When combined with multiple working memory modules, inner speech led to stronger performance, especially during multitasking and long sequences of actions. The AI also showed improved ability to generalize when faced with new task combinations.

“Our combined system is particularly exciting because it can work with sparse data instead of the extensive data sets usually required to train such models for generalization,” Queißer says. “It provides a complementary, lightweight alternative.”

Inside the Model’s Brain

The simulations relied on a stacked recurrent neural network paired with several working memory modules. Tasks were presented as temporal patterns followed by language-based goals.

Training used a supervised approach that minimized free energy, while task execution followed the active inference framework. Under optimal conditions, a clear hierarchy emerged inside the network, with different layers handling timing, memory, and control.

The researchers found that inner speech helped separate content from control. Memory modules stored information, while self-generated language guided how that information was used. This structure supported learning across tasks that the system had never seen before.

Performance comparison of T1 between models trained with (blue) and without (orange) self-mumbling language targets introducing the concept of counting and cardinality to the model. (CREDIT: Neural Computation)

Moving Toward Real-World Learning

The current study took place in a controlled simulation environment. The next step involves adding more realism.

“In the real world, we’re making decisions and solving problems in complex, noisy, dynamic environments,” Queißer says. “To better mirror human developmental learning, we need to account for these external factors.”

Understanding how inner speech supports learning may also shed light on human cognition. By modeling these processes in machines, researchers can test theories about how the brain organizes thought and action.
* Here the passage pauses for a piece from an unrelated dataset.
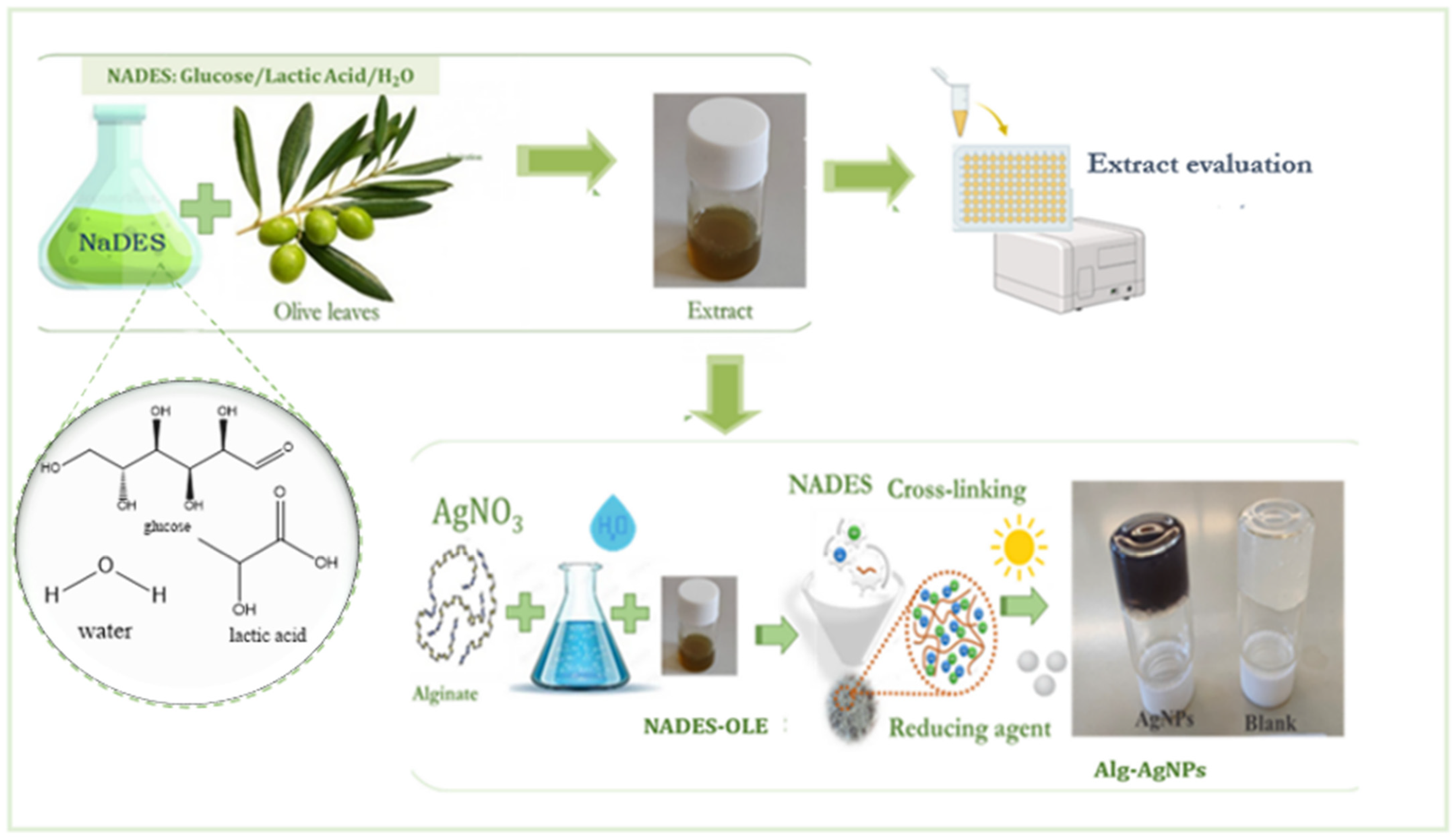 In the present work, AgNPs were synthesized using a green methodology and were incorporated into alginate hydrogels. A task-specific Natural Deep Eutectic Solvent (NADES) consisting of glucose and lactic acid was used as a solvent to extract bioactive phytochemicals from olive leaves. The as-obtained extract served a dual purpose: (a) as a crosslinking agent for the preparation of alginate hydrogels and (b) as a reducing agent for the synthesis of AgNPs. This environmentally friendly, non-thermal approach was further enhanced by utilizing sunlight as a sustainable energy source to facilitate the reduction process.

“We gain fundamental new insights into human biology and behavior,” Queißer says. “We can also apply this knowledge, for example in developing household or agricultural robots which can function in our complex, dynamic worlds.”

Practical Implications of the Research

This work points toward AI systems that learn with less data and adapt more flexibly. Such systems could reduce the cost and energy demands of training large models. Robots guided by internal language and memory may handle unpredictable environments more safely and efficiently.

The findings may also influence neuroscience by offering testable models of inner speech and working memory. Over time, this cross-talk between biology and engineering could lead to smarter machines and a deeper understanding of how people learn.

Research findings are available online in the journal Neural Computation.